I’m glad to say that I didn’t let the fear of failure stop me from starting my real estate investing journey. Because now I have 4 cash flowing rental units that are paying for my 5th unit (4 rental properties in total) which I’ll be living in, and money left over to pay for my living expenses.
Not too shabby for a millennial IT yuppie. 😉
While there are many ways to build wealth, I chose real estate investing simply because I LOVE everything about it. Not only has it helped me create a source of passive income, it also taught me to look at my wealth differently.
Investing your money in a rental property doesn’t have to be intimidating. Which is why I’m going to be sharing with you the 7 steps that I took to help me buy my first rental property while working full-time at a desk job. 🙂
Step 1: Get Your Finances Straight
Cut Those Unnecessary Expenses
Being a millennial, I definitely had my share of buying things that I don’t need.
Like that overpriced Chanel bag I bought? Yeah… definitely did not need that.
But somehow I convinced myself that it was a good purchase.
I mean, why wouldn’t it be?!
So if you’re like me, you will need to figure out how much money you’ve been wasting and start working on your spending habits. Start by making it a habit of tracking down everything that you spend.
One of the ways to start cutting your expenses is to start a budget plan and learn to follow it. Resist the urges to blow money on those “temporary high” purchases and invest in your long-term wealth instead.
Try to ask yourself before buying anything, “Do I need this or do I want this?” This simple question is enough to get rid of most of your bad purchases so you won’t end up having buyer’s remorse as often as before.
Once you have established a good habit, saving for your initial capital will be so easy!
Start Saving And Set Up An Automatic “Pay-Yourself-First” Plan’
For those of you who are anti-budgeting – This is for you. In fact, “pay-yourself-first” is the main reason why I was able to save $100k by 25.
What does “Pay-Yourself-First” mean anyway?
It simply means that when you get your paycheck, before paying for your bill(s) or credit card(s). You PAY YOURSELF FIRST! And whatever you’re left with afterward is what you’ll be living with for the rest of the month.
Start by setting up an automatic deposit on the same day that you get paid and put a set amount of money away from your chequing account to a separate investment account. This is a good habit to have because your money is “gone” before you can even use it.
If you don’t have a saving or investment account – Seriously, go to the bank and open one!
Click here to sign up for your own Tangerine account. Use my orange key 32976970S1 when signing up and you’ll receive $50 after you deposit $100 or more into your brand spanking new account. Who doesn’t like free money. 😉
Let’s face it – The person that will care the most about your money is you.
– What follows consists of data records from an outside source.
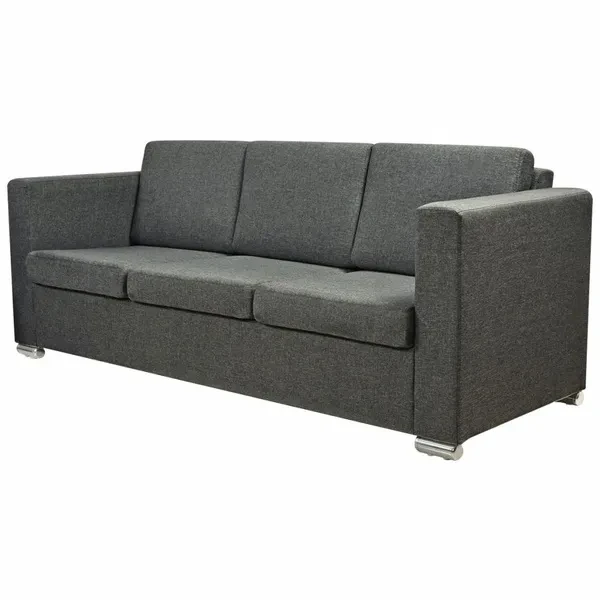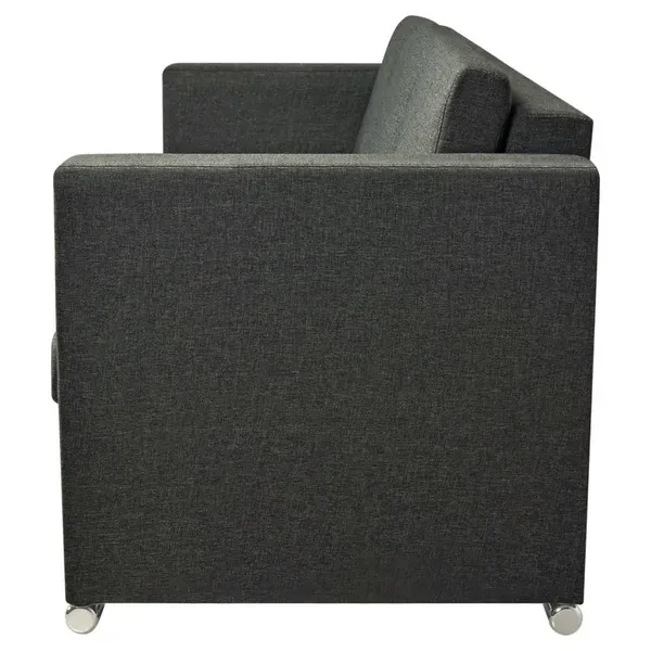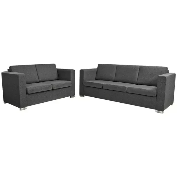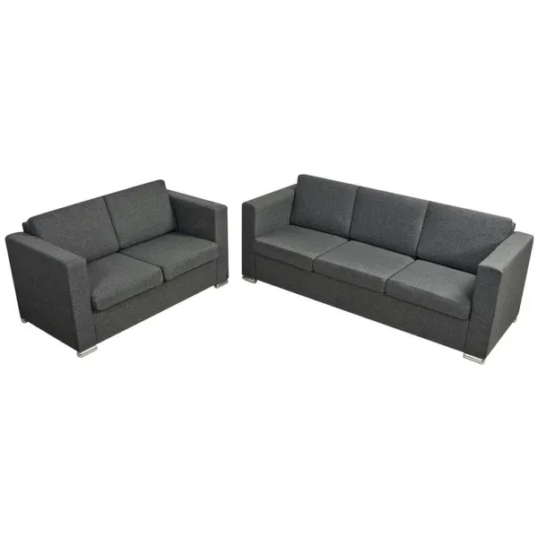 The stylish two-piece sofa set will be a great addition to your home or office. Whether you need a comfortable seat in your office or you just want a nice, sophisticated addition to your interior, this sofa set will be a great choice! The sofa set has a wide seat and thickly padded cushions for ultimate seating comfort. It is upholstered in high quality fabric and so hard-wearing. The pillowcases are easy to clean as they are removable and machine washable. The strong wooden frame and chrome-plated legs contribute to a robust construction. The delivery includes 1 x 2-seater sofa and 1 x 3-seater sofa. The assembly is very simple. Color: dark gray Material: wooden frame + fabric upholstery + chrome legs Backrest height: 41 cm Seat height from the floor (including seat cushion): 40 cm Cushion thickness: 16 cm Size of the 2-seater sofa: Overall size: 137 x 73 x 78 cm (W x D x H) Seat size: 109 x 50 cm (W x D) Size of the 3-seater sofa: Overall size: 191 x 73 x 78 cm (W x D x H) Seat size: 163 x 50 cm (W x D) Delivery includes 1 x 2-seater sofa and 1 x 3-seater sofa Simple final assembly Material: Polyester: 100%
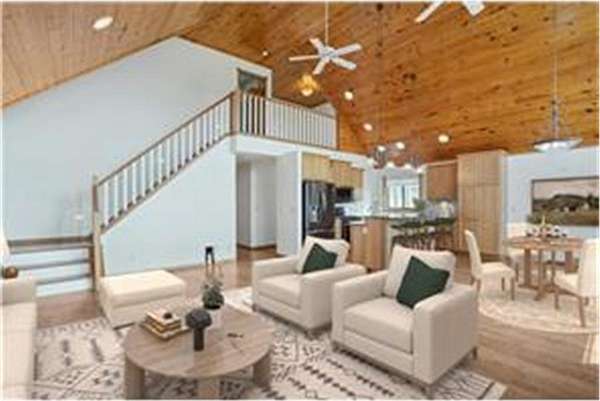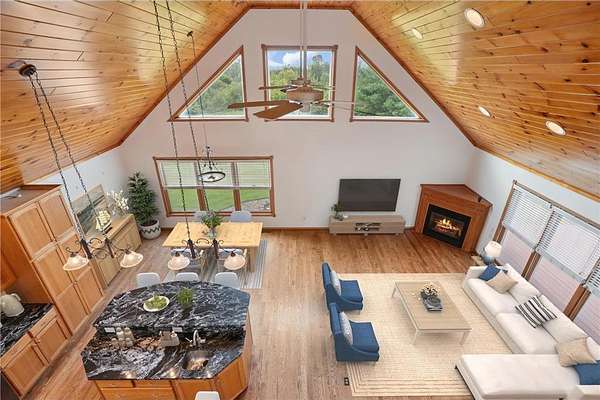 Est $3,351/moNestled on a serene and private 6+ acres, this custom-built home features 3 bedrooms and 3 full baths. The property boasts hickory cabinets, hard surface counters, hardwood floors, and a gorgeous gas fireplace. With soaring vaulted ceilings and a walkout lower level complete with in-floor heating and a wet bar, it's perfect for entertaining. Additionally, the home includes an oversized 3-car garage with in floor heat, a charming brick patio, and a huge deck overlooking the private yard.
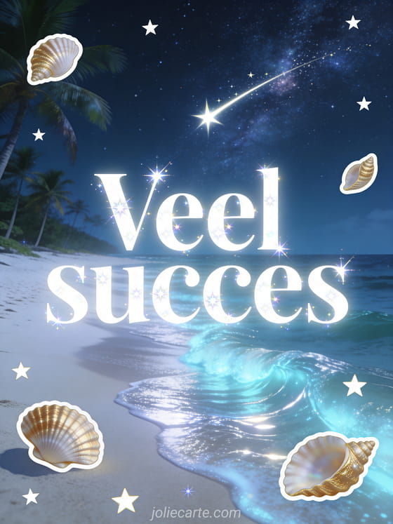 Stuur een betoverende virtuele geanimeerde veel succes kaart met een wit strand onder een sterrenhemel met vallende ster en fosforescerende golven. Bekijk ook een geanimeerde kaart veel succes of een bericht veel succes wedstrijd.
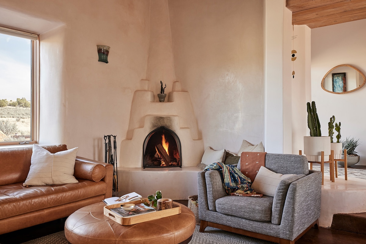 Adobe refinado con vistas a la montaña, jacuzzi y fogata
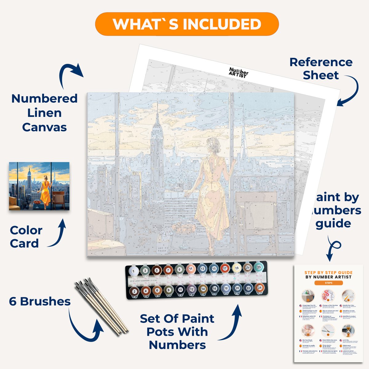 Entra en un mundo de creatividad y asombro con la metrópoli dorada Pintura numérica. La imagen presenta a una mujer alta y elegantemente vestida de pie en un balcón alto con vistas a un paisaje urbano al anochecer. Ella mira en la escena metropolitana debajo de ella, que incluye imponentes rascacielos contra un cielo azul profundo adornado con nubes tenues y una aguja espacial iluminada. El cálido brillo del sol poniente arroja largas sombras en los edificios circundantes. Un autobús urbano es visible en la esquina inferior izquierda. La mujer parece estar sosteniendo una copa de vino, lo que sugiere que podría estar disfrutando de su vista o posiblemente reflexionando sobre sus pensamientos. La combinación de detalles intrincados y colores vibrantes hace que este kit sea un escape ideal al arte y la tranquilidad.
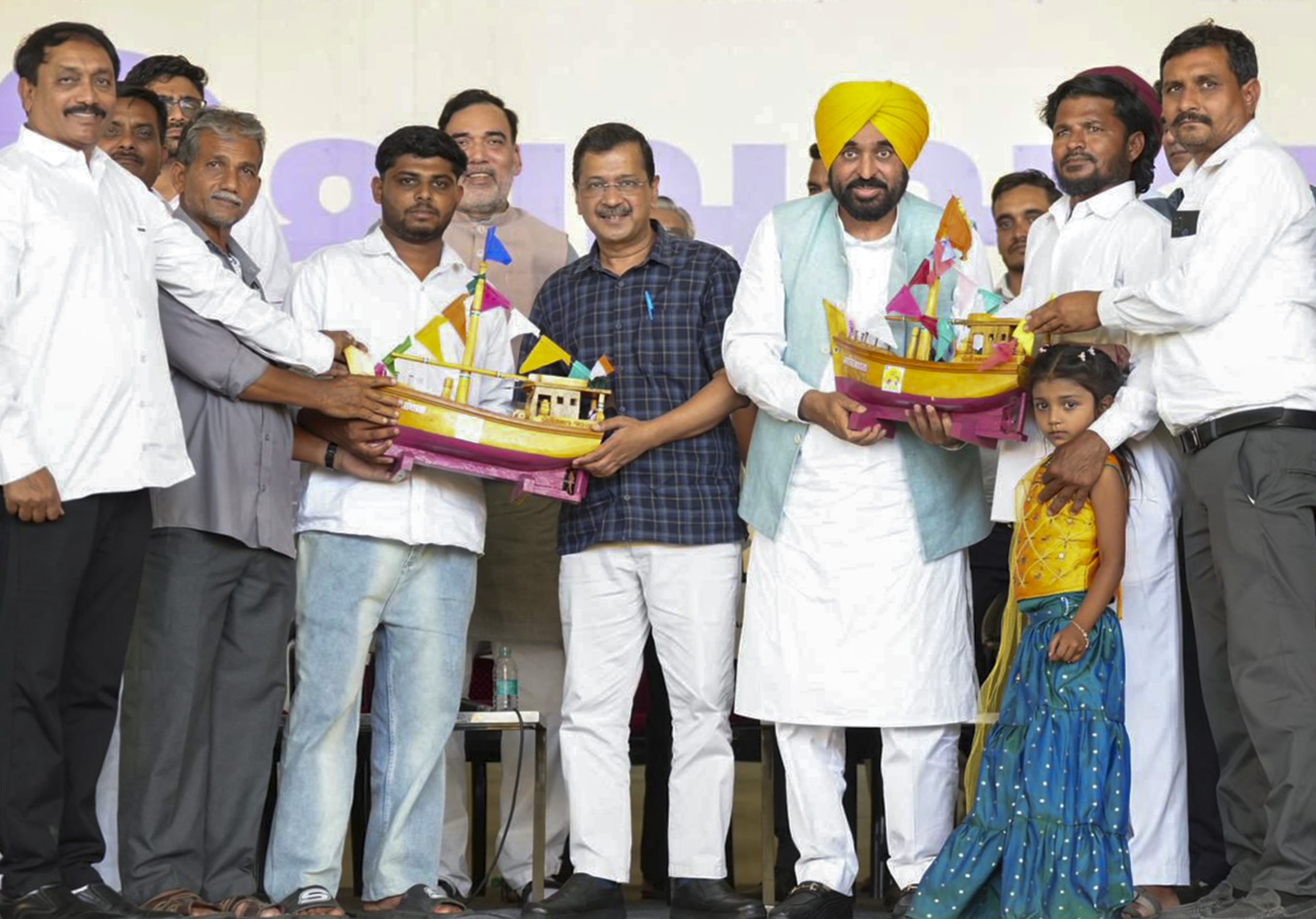 Kejriwal, Mann at a public meet in Gujarat
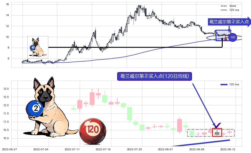 ⚀ 2022-08-10-日显现 葛兰威尔均线 120日均线 第②买入点 上升趋势的中继信号,后市看涨,买进信号
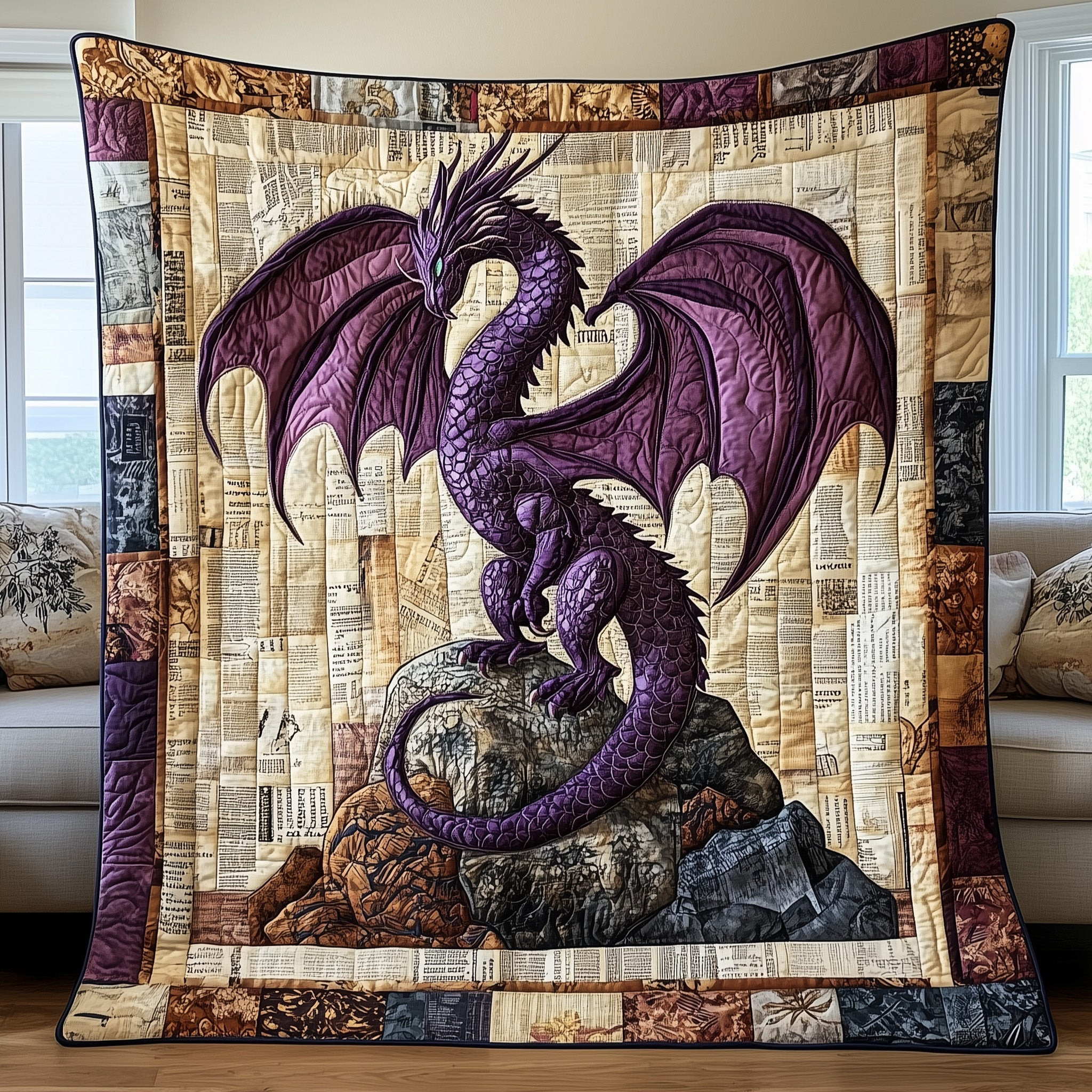 Mystic Dragon Quilted Blanket Purple Scales Fantasy Theme Best Gifts For Dragon Lovers
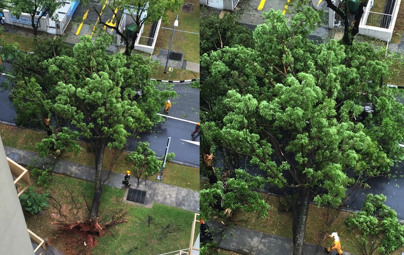 This incident happened around 4.20pm, and Singapore Civil Defence Force completed its rescue mission in about 15 minutes, using chainsaws and power saws to remove some of the tree’s branches. It is believed a man and a woman were occupants of the car, and no injuries were sustained. The car was towed and the tree removed from the road by 5.30pm, reported The Straits Times.
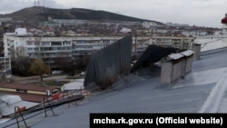 В Феодосии сильный ветер 26 февраля сорвал крышу на шестиэтажном доме, сообщает российское Министерство чрезвычайных ситуаций Крыма.

You’ll need to save up a good chunk of money before you buy your first rental property.
Note: I understand that there are full of resources out there about the “no money down” strategies. However, no matter how you purchase it, it’s always smart to have a reserved fund prepared and ready to be used in case anything happens. Hope for the best and prepare for the worst. 🙂
Step 2: Find Out How Much You Qualify For
Now that you’ve got your finances straight. It’s time to see how much “real estate” you can actually afford.
As a real estate investing beginner, you’re most likely going to be getting your loan the conventional way. That is through a mortgage broker or visiting one of the big banks in Canada.
If you do this, you’ll need to make sure your credit score is looking good because banks will be looking at your credit history to determine whether or not they want to lend you the money.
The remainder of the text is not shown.